Is it doable in July/August?
July and August are exceedingly hot months on the Extramadura and beyond and the distances long between stages. In July this year I observed a dramatic decrease in the number of peregrinos arriving by foot at the Casa Paroquia/Albergue where I volunteered. Some days there were none at.

Is it possible to stay in only Municipal/Parroquial auberges?
For much of the way. In several places the only options are private or the tourist albergues which cost more. You could take a tent! I wish that I had.

should I bring a sleeping-bag or mat?
No, a sleeping sheet is enough until you reach Galicia. Galicia has cold dawns in July, with the possibility of fog and rain. Perhaps you could post ahead your summer sleeping bag to Zamora or somewhere further ahead, or extra clothing layers to sleep in rather than a bag.
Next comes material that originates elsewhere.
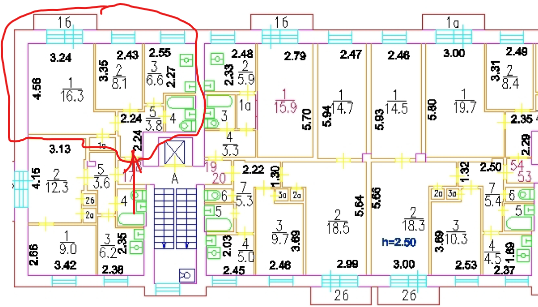 Высота потолков 2.64 м
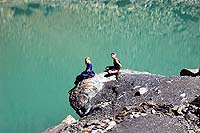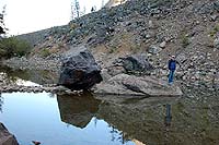Залез на морену и прошел немного и увидел озеро. Как раз посредине озера были. Вернулся назад за девчонками. Пока они лезли на морену, фотографировал.

A mat might be needed in Galicia, along the Via Sanabres. Recenty I stayed overnight in the Ourense Albergue. It was filled to capacity with long distance peregrinos and those beginning in Galicia.

Any good up-to-date guide books around?
The camino is well signed all the way from Seville to Santiago de Compostela. In October-December, last year I used Alison Rajus's Book (dated but still useful) and the CSJ guide as well for services and facilities along the way.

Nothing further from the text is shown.